While googling yesterday to see if the questions raised by Paul Ehrlich in his 1968 bombshell, "The Population Bomb," are still being considered -- they are -- I came across an especially memorable counter-argument put forward by one of his many adversaries. To show that the Earth, far from being too crowded, still has plenty of room for many more billions, this person wrote that all six billion plus of the current humans could be comfortably accommodated by Texas alone, each in his or her own house on about 1/8 of an acre.

This argument must've been written by someone whose emanations would be welcomed in the conservative used toilet tissue rags like the Washington Times. Ehrlich's detractors seem to be the same sort of nincompoops -- and worse -- who thought it was such a stellar idea to move in on -- and with -- Saddam Hussein in Iraq. The example is so riddled with holes that it is tempting to say nothing in rebuttal. Except...

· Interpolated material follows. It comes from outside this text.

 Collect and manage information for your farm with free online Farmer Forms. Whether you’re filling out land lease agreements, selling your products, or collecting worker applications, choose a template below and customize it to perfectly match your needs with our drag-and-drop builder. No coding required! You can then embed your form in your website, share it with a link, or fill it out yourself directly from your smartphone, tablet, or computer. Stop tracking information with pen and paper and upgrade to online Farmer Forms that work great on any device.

There can't be a Texan alive -- even among its numerous insane -- who would welcome having all the rest of the Earth's inhabitants moving in with them on 1/8 of an acre for each. Not even the Chinese or the India Indians, who, consisting of more than a billion persons apiece -- have done their bit to squeeze out species that are far more worthy than human beings -- notably tigers, elephants, and panda bears -- would welcome having the rest of the planet joining them in bursting their seams.

The problem is that all the larger animals, including human beings, need room and plenty of it. Despite the resemblance, they are not to be confused with bacteria. Ehrlich has said that the optimum human population would be two billion, which was about as many as were here during the fateful year when I was born, in 1931. That is three times fewer than what we have now.

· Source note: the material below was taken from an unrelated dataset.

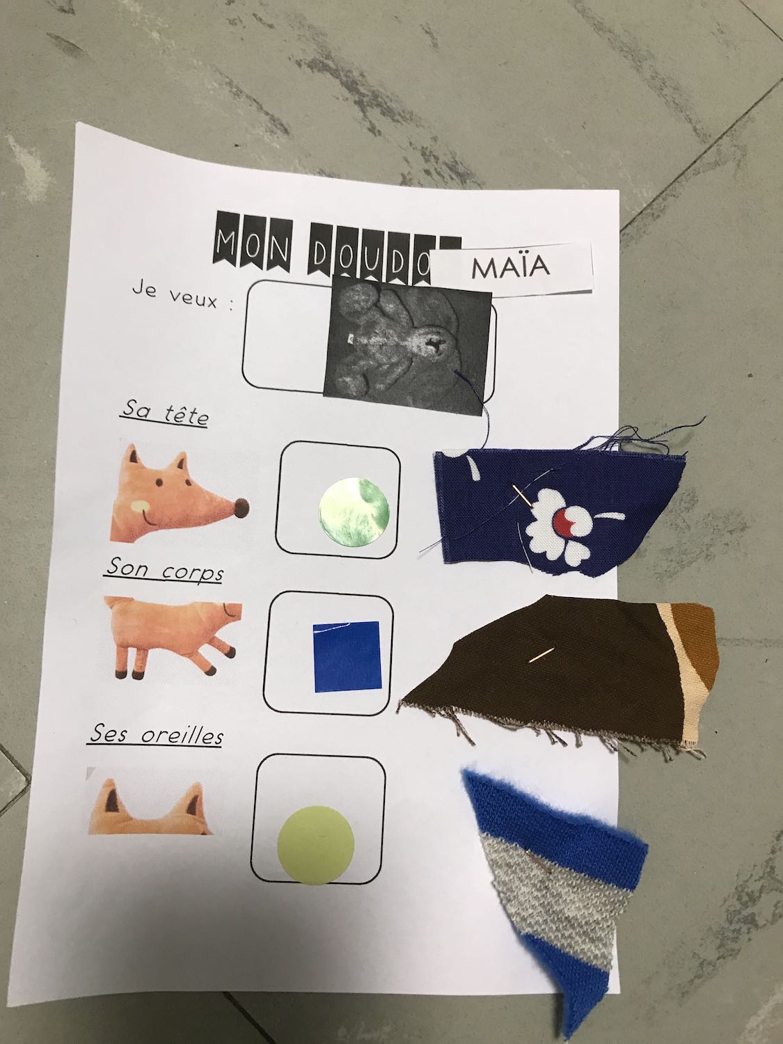 Après avoir fouillé partout dans l’école, fait appel aux parents, me voilà en possession de dizaines de tissus différents : les élèves choisissent un tissu pour chaque partie de leur doudou.

Lots of people would say yes, and people have never lived better than now, with their plasma TV's, their SUV's, and their enclosed swimming pools. But I have a notion that the best life in what is now the U.S. was lived by the ancestors of the modern Sioux, Cheyenne, Commanches, and others, before those most hideous of the invaders from across the restless ocean to the east, the Spanish conquistadores, brought them horses and death, and instead they had to get their exercise and fresh air by walking everywhere while looking alive to keep from being trampled by those ultimate badasses of the plains, the hordes of inexhaustible ready-made food, clothing, fuel, and company on the hoof, the bison. Now those were the days in visitor-threatened Texas and thereabouts!